As a reviewer, how would you address the potential for 'healthy survivor bias' in the Nix-TB study, given that the primary endpoint was measured 6 months after the completion of a high-toxicity treatment phase?

Key Response

A seasoned editor would flag that patients who survived the initial toxic phase of linezolid treatment to reach the 6-month post-treatment follow-up might not represent the entire intention-to-treat population.
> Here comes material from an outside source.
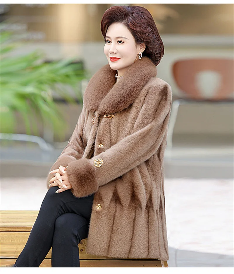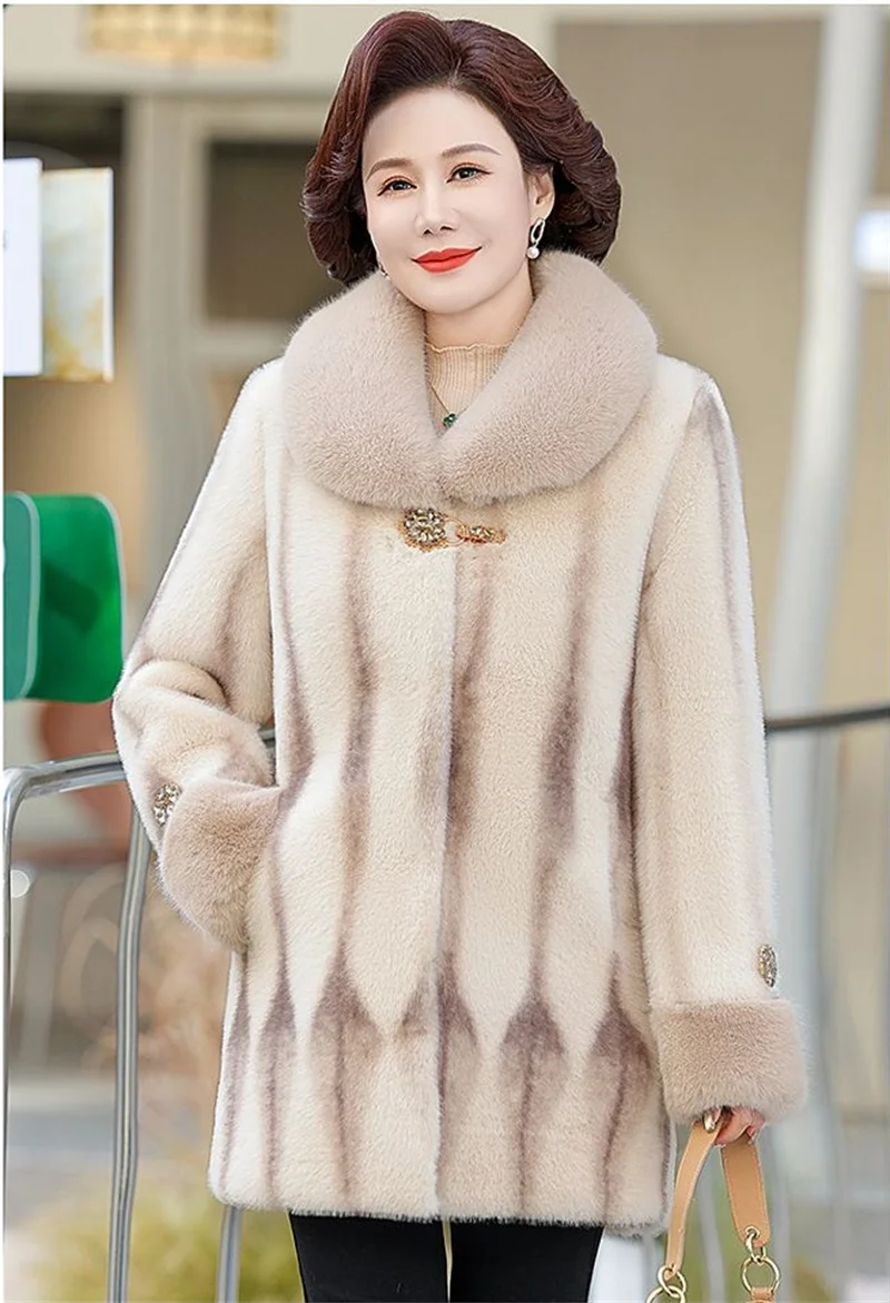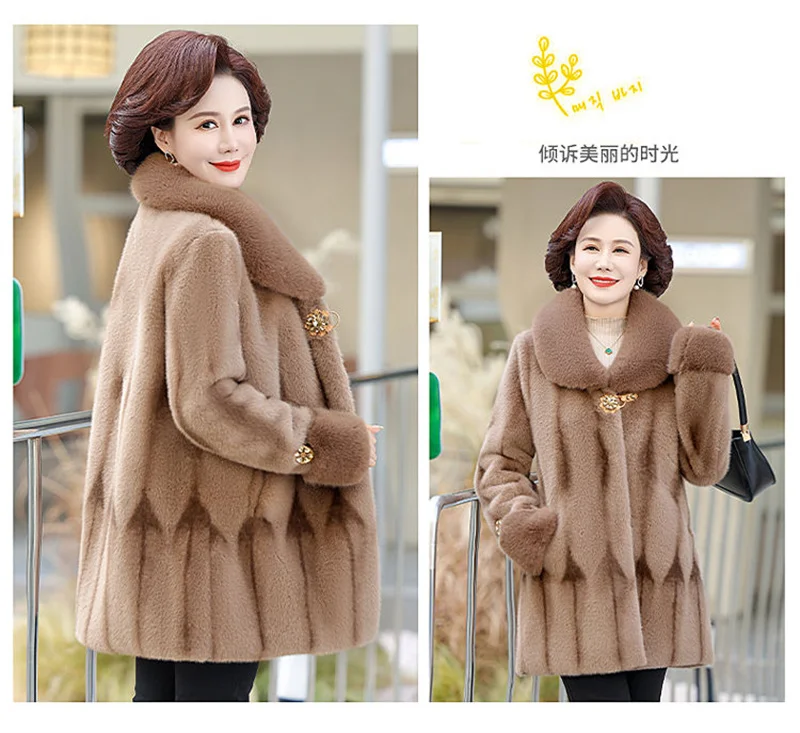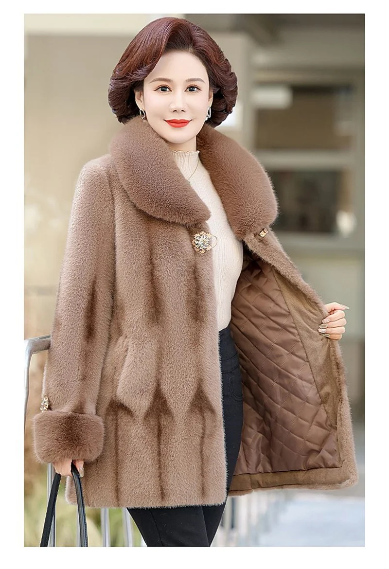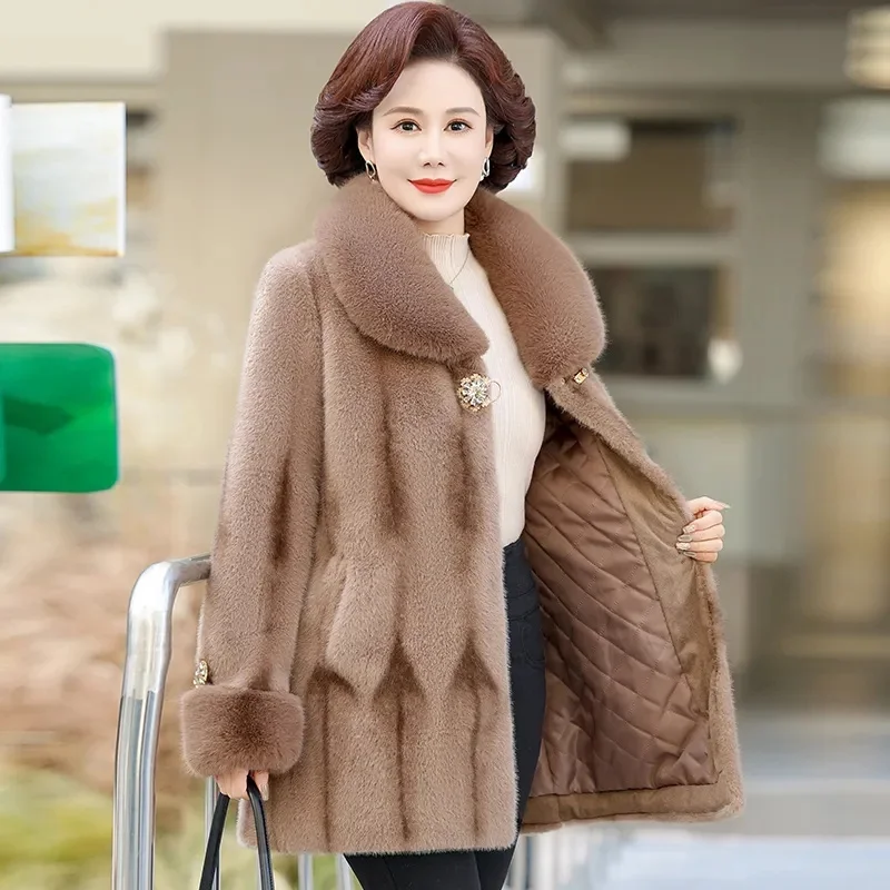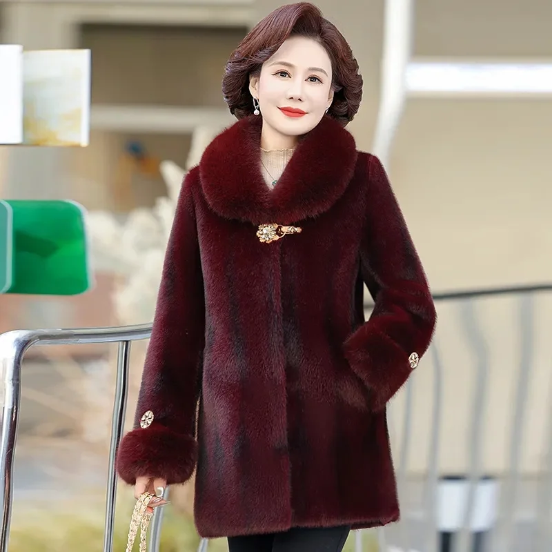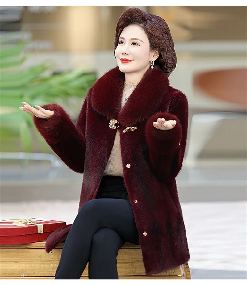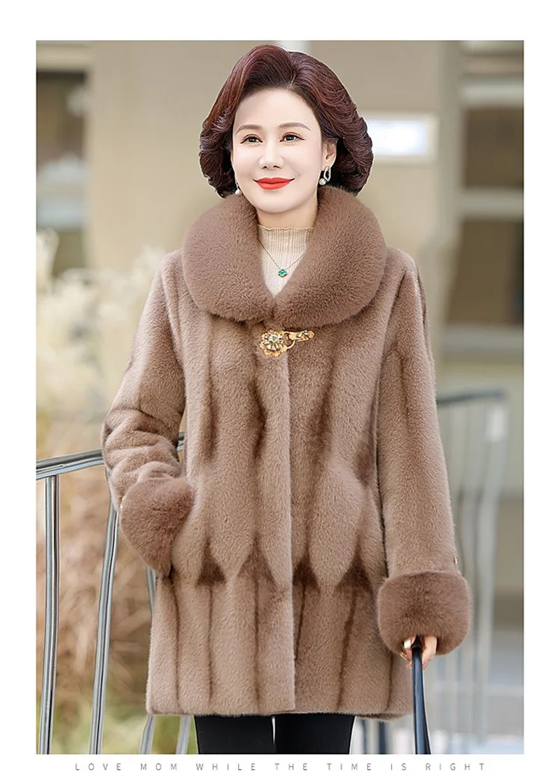 High Quality Mink-like Fur Jacket 6XL Woman New Woolen Coat Winter 2025 Middle-Aged Elderly Long Imitation Mink Overwear Ladies

The editor would look for rigorous handling of loss-to-follow-up and deaths, ensuring that 'favorable outcome' definitions are not artificially inflated by excluding those who discontinued the drug early due to adverse events.

Guideline Committee
Guideline Committee

Nix-TB provided the evidence for WHO to recommend BPaL under 'operational research' conditions. What specific evidence gaps remain that prevent BPaL from becoming the universal 'Strong Recommendation' for all MDR-TB cases regardless of resistance profile?

Key Response

Current WHO guidelines (e.g., 2020 updates) transitioned toward all-oral regimens, but BPaL was initially restricted due to concerns over linezolid toxicity and the need for drug susceptibility testing (DST). To move to a 'Strong Recommendation,' the committee needs data on the regimen's performance in children, pregnant women, and patients with pre-existing linezolid resistance, as well as more evidence on the optimal (safer) linezolid dosing schedule (e.g., from the ZeNix trial).

Clinical Landscape

Noteworthy Related Trials

2020

Nix-TB Trial

n = 109 · NEJM

Tested

Bedaquiline, pretomanid, and linezolid (BPaL)

Population

Patients with XDR-TB, treatment-intolerant, or nonresponsive MDR-TB

Comparator

None (single-arm study)

Endpoint

Favorable outcome at 6 months after the end of treatment

Key result: 90% of participants had a favorable outcome, demonstrating the efficacy of the BPaL regimen.
2021

TB-PRACTECAL Trial

n = 552 · NEJM

Tested

Bedaquiline, pretomanid, linezolid, and moxifloxacin (BPaLM)

Population

Patients with bacteriologically confirmed MDR-TB or XDR-TB

Comparator

Standard of care (WHO-recommended MDR-TB treatment)

Endpoint

Composite of death, treatment failure, treatment discontinuation, or recurrence at 72 weeks

Key result: The BPaLM regimen was superior to the standard of care with significantly higher success rates and fewer adverse events.
2022

ZeNix Trial

n = 181 · NEJM

Tested

Bedaquiline, pretomanid, and linezolid (BPaL) with varying linezolid doses/durations

Population

Patients with pulmonary XDR-TB, pre-XDR-TB, or treatment-intolerant/nonresponsive MDR-TB

Comparator

Different linezolid dosages and durations

Endpoint

Favorable status at 26 weeks after treatment completion

Key result: High rates of favorable outcomes were achieved across all dosage groups, suggesting treatment could be optimized to reduce toxicity.